### ACTIVITY
Repeat only what runs from the line with "Striped pillow BIBA" through the last line of the data below, both included, keeping every word as it is and leaving out the pictures.
******
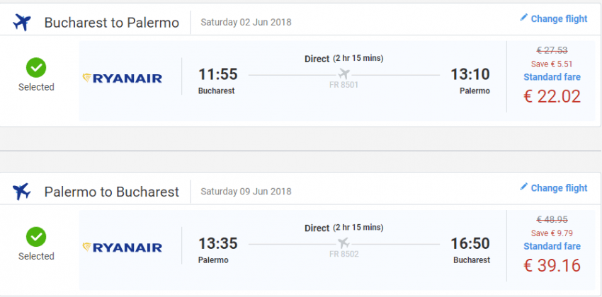 - Zbor: Bucuresti – Palermo, 61 euro, dus-intors, operat de Ryanair
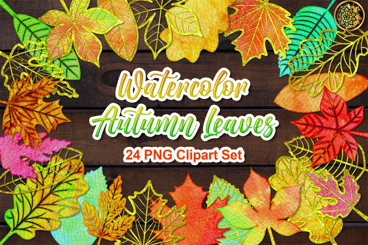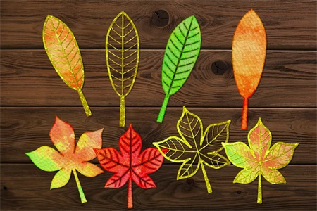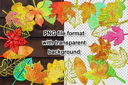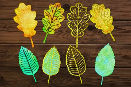 Watercolor Fall Autumn Leaves PNG Clipart Set Silhouette Outline Isolated Stencils Designs on Realistic Paper Texture for DIY Craft Projects. Great PNG set for creating a handmade gift in any performance, poster printing, wall art, or even creating a seamless pattern for a POD project.
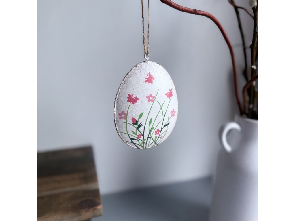 Kovové vajíčko s motivem květin k zavěšení
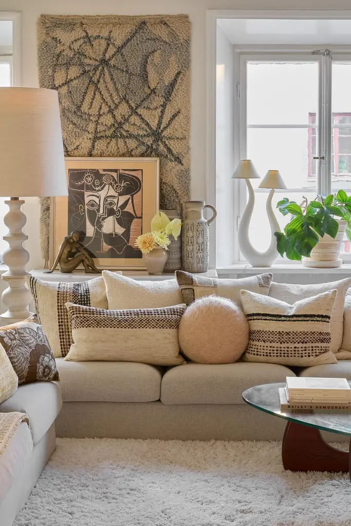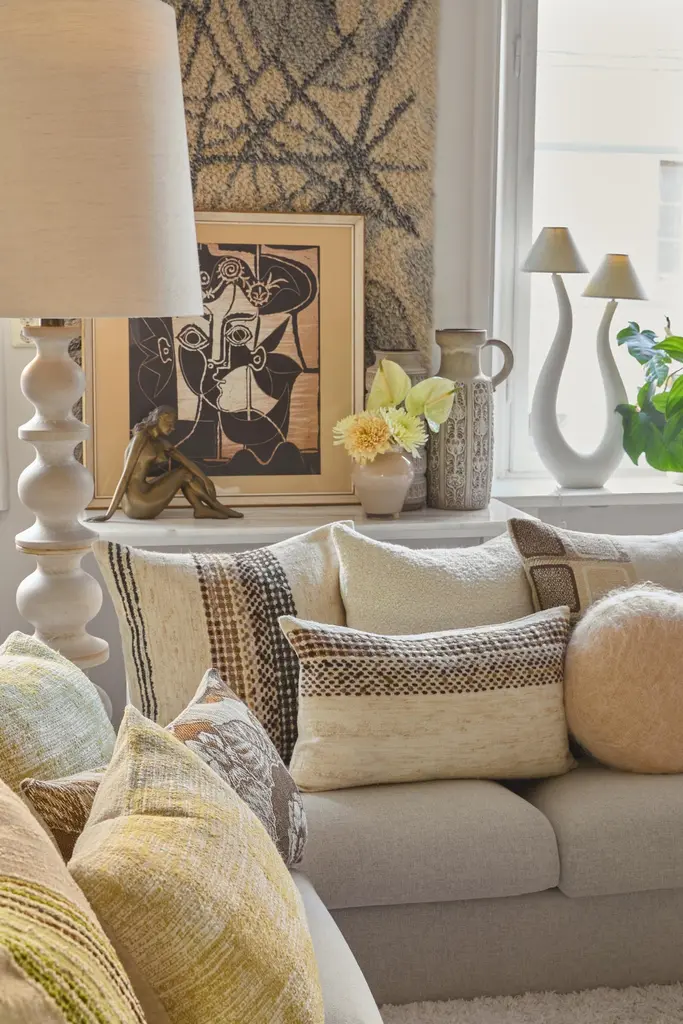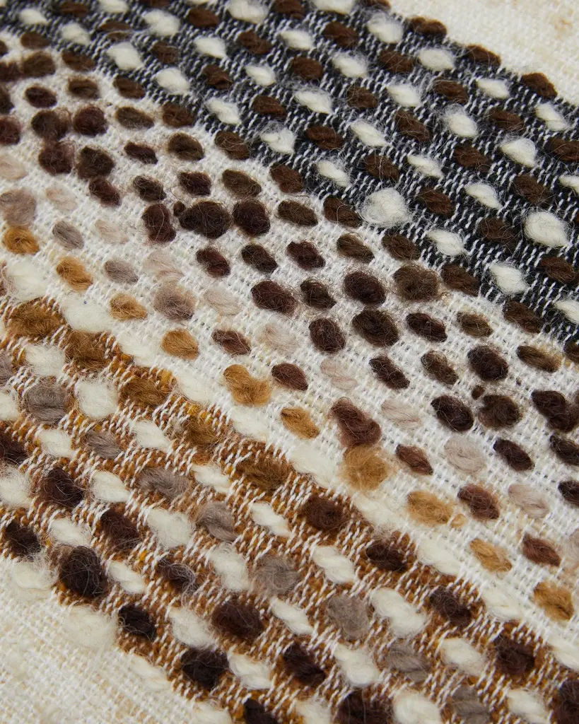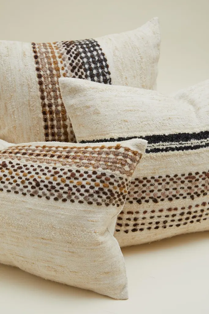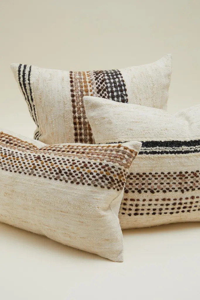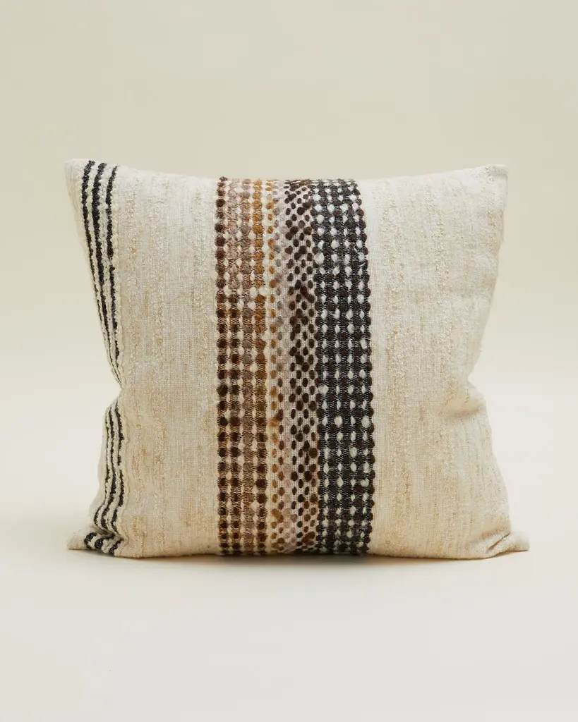 Striped pillow BIBA made from curated vintage Scandinavian wool fabric in Cream, Beige, Brown colors. The fabric have mixed textures. Every pillow is unique. Size: 60x60cmHandmade in Sweden.Composition front: Vintage wool. Made in SwedenComposition back: 39%CO,24%VI, 16%,WO,12%PL,9%Alpaca. Made in ItalyClosure: YKK Zip in brassInsert pillow: 100% European duck feathers included. Made in Denmark, EDAF(European Down and Feather Association) For you as a customer, this means that you are guaranteed that the animals have been treated properly.Care advise: Spot clean, Shake and Air, Dry cleanOur products are handmade, some fabric is pre-used and also using organic materials therefore they are of a delicate nature and may vary slightly between products.
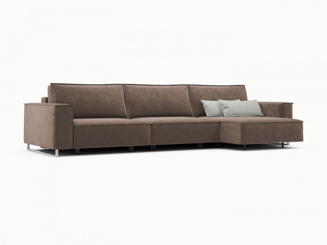 Низкая глубокая посадка, оригинальные опоры и главная фишка дивана — демонстративные швы наружу — соединяют стиль, комфорт и практичность.
******
### COMPLETED TASK
 Striped pillow BIBA made from curated vintage Scandinavian wool fabric in Cream, Beige, Brown colors. The fabric have mixed textures. Every pillow is unique. Size: 60x60cmHandmade in Sweden.Composition front: Vintage wool. Made in SwedenComposition back: 39%CO,24%VI, 16%,WO,12%PL,9%Alpaca. Made in ItalyClosure: YKK Zip in brassInsert pillow: 100% European duck feathers included. Made in Denmark, EDAF(European Down and Feather Association) For you as a customer, this means that you are guaranteed that the animals have been treated properly.Care advise: Spot clean, Shake and Air, Dry cleanOur products are handmade, some fabric is pre-used and also using organic materials therefore they are of a delicate nature and may vary slightly between products.
 Низкая глубокая посадка, оригинальные опоры и главная фишка дивана — демонстративные швы наружу — соединяют стиль, комфорт и практичность.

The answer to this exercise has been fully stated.